Law has immense interrelationship with society and every society is guided by certain norms and customs. The highlighted part of the decision clearly mentions the importance of social practices and norms in the society. Here the Supreme Court mentioned the probable chaos and problems could be inflicted if the any law was introduced that hampers or alters the traditions of people. It clearly means that law should not be introduced in such a way so as to change the norms of people at once which have been followed by them since a long time.

Hence, it elucidates that law should be in consistency with the customs and traditions of people and any law reform or alteration in law should be done with due regards to the sentiments and norms of society in order to bring sustainable and peaceful change in the society.

Hence, the supreme court in the mentioned case rightly analysed the relation between social practices of people and law and did not deliver verdict promptly rather directed to conduct research within certain time frame. As a result, the law was reformed and it immensely brought huge changes. And today this change is well accepted and has introduced a new paradigm in the Nepalese legal system.

Analysis:
Volksgeist or the general will of the people was much prioritized by Savigny, the pioneer of historical school. Savigny viewed Volksgeist i.e., common consciousness of the people as the base of legal system. In his view law was not something that should be made arbitrarily and deliberately by a lawmaker. Law, he said was a product of "internal, silently- operating forces".

It was deeply rooted in the past of the nation and its true sources were popular faith, customs and "the common consciousness of the people". The concept of Volksgeist is in fact a much-needed element for the proper growth and functioning of law. A law cannot be law unless accepted by the people. Since law is always for the betterment of the people hence it should also be supported and accepted by them.

The concept of common consciousness has to some extent influenced every legal system and Nepalese legal system is no exception. Acts like, Samajik Vyabahar Sudhar Ain,2033" which was in contrary to the social practices of the people could never be implemented.

More than three decades have passed but still the act is in no use. The provisions laid down by it is not consistent with the customs and traditions of people. So, its enactment has been proved to be a total failure. Moreover, the above-mentioned case also has clearly proved the impact of Savigny's theory in the Nepalese legal system.
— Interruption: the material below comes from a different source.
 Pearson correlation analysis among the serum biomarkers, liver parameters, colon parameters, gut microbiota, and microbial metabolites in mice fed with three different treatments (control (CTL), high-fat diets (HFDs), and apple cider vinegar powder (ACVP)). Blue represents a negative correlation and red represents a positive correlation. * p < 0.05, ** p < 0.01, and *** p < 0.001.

But still, it isn't sufficient. It is just the half part and the other half is unexplained. In today's world it is not always the custom or will of the people that counts. In order to be law, need of legislature act is a must. The creative work of the judge and jurist also play a crucial role in defining law in the present era. Just a mere acceptance of people cannot be termed as law. Law today seems something official and has gained much formal norms for its validity.

Savigny's work on the whole, was salutary, however he ruined a large part of it due to overemphasis. However, the importance of Volksgeist still remains matchless as it regarded people as the centre of law rather than fanciful reason or the arbitrary will of supreme legislature.

Conclusion:
The insufficiency of natural law school and analytical school had provided a fertile land where Savigny sowed seeds of historical school. In his view on law, he emphasized on Volksgeist "a unique, ultimate and often mystical reality" linked to the biological heritage of a people. For him, law was not the result of arbitrary act of legislature but the result of certain traditions and customs.
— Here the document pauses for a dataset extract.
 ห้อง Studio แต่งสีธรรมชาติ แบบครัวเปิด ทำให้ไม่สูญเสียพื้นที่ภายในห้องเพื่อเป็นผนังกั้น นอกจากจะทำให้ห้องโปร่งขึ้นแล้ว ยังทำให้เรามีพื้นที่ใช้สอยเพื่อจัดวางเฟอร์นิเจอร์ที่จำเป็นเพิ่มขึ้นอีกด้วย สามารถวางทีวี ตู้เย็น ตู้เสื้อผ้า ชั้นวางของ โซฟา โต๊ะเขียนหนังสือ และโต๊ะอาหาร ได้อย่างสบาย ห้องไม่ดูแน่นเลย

Only by a careful study of these traditions the true content of law was found. He marked the Volksgeist or the national spirit as the criteria for the validity of any law. Although the concept is insufficient and is subjected to criticism by many jurists, still its importance in understanding the theory of law is a milestone as it emphasized the need of people's acceptance for the formulation of any law, which is a universal principle today.